DATASET EXCERPT –
= = = = =

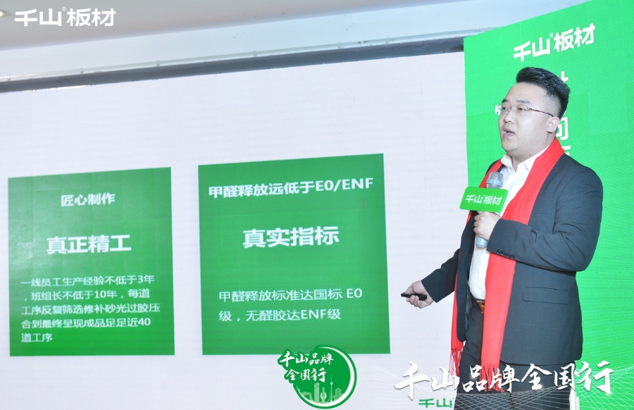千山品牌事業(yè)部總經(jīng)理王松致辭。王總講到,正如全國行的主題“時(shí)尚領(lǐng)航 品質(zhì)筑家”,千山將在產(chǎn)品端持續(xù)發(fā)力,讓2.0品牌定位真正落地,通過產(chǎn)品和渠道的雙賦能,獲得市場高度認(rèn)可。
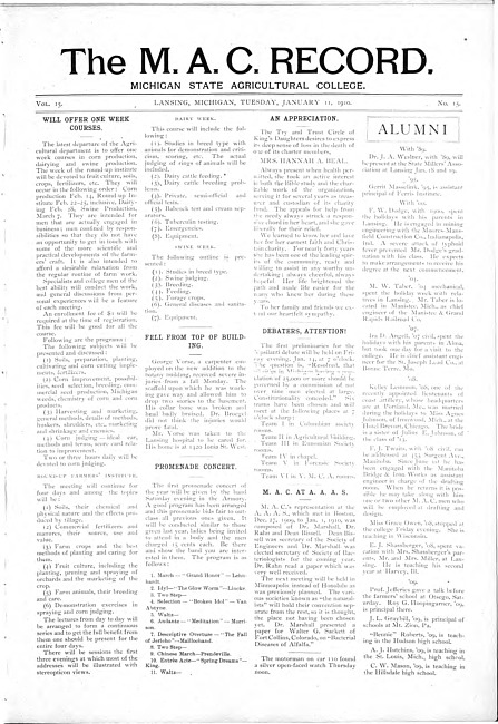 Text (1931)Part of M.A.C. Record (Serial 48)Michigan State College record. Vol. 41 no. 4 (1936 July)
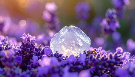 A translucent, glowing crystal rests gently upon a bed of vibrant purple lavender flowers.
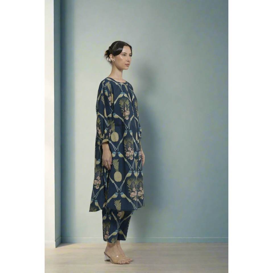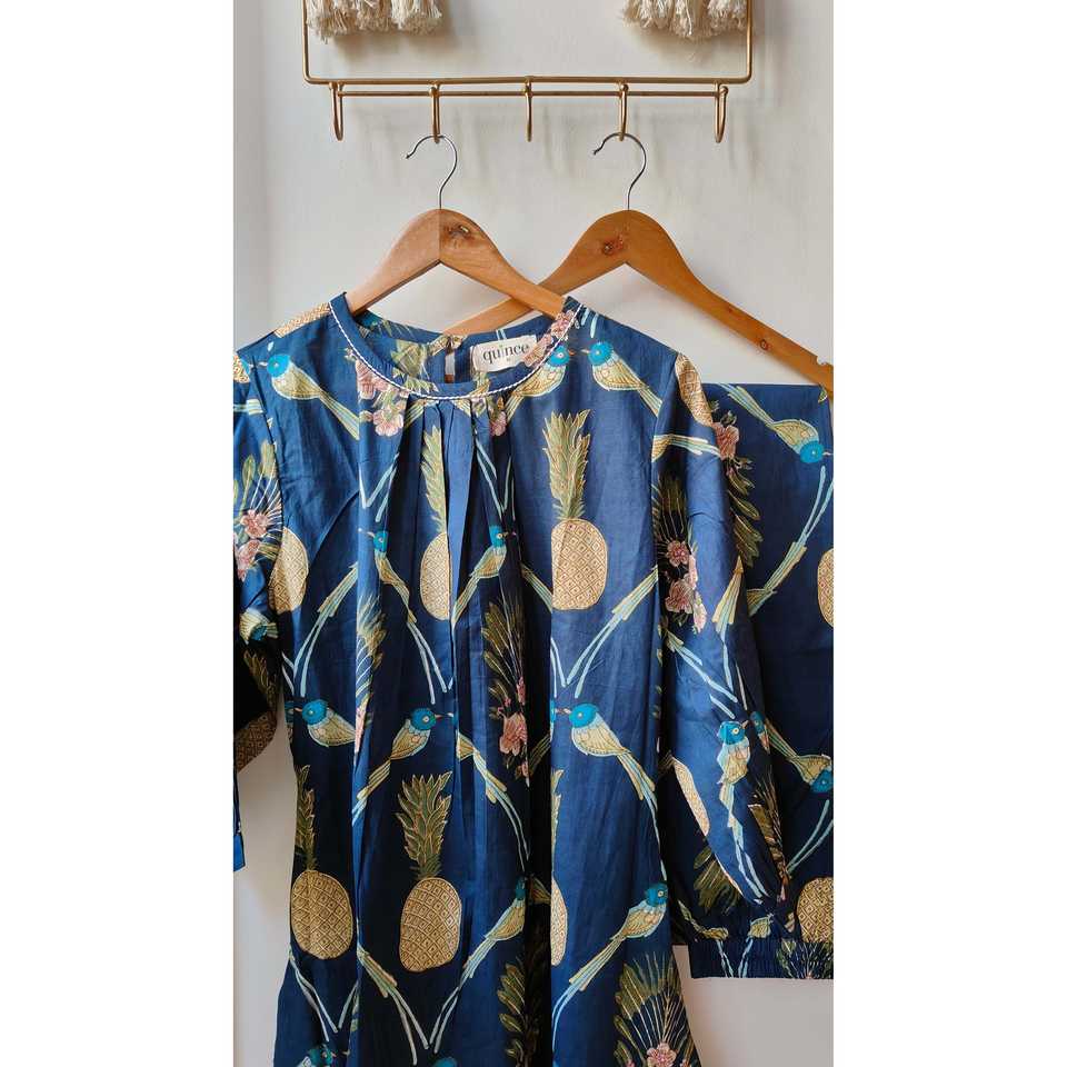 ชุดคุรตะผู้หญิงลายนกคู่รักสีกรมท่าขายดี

= = = = =

What you give back must be the data above, reproduced exactly and free of pictures.

千山品牌事業(yè)部總經(jīng)理王松致辭。王總講到,正如全國行的主題“時(shí)尚領(lǐng)航 品質(zhì)筑家”,千山將在產(chǎn)品端持續(xù)發(fā)力,讓2.0品牌定位真正落地,通過產(chǎn)品和渠道的雙賦能,獲得市場高度認(rèn)可。
 Text (1931)Part of M.A.C. Record (Serial 48)Michigan State College record. Vol. 41 no. 4 (1936 July)
 A translucent, glowing crystal rests gently upon a bed of vibrant purple lavender flowers.
 ชุดคุรตะผู้หญิงลายนกคู่รักสีกรมท่าขายดี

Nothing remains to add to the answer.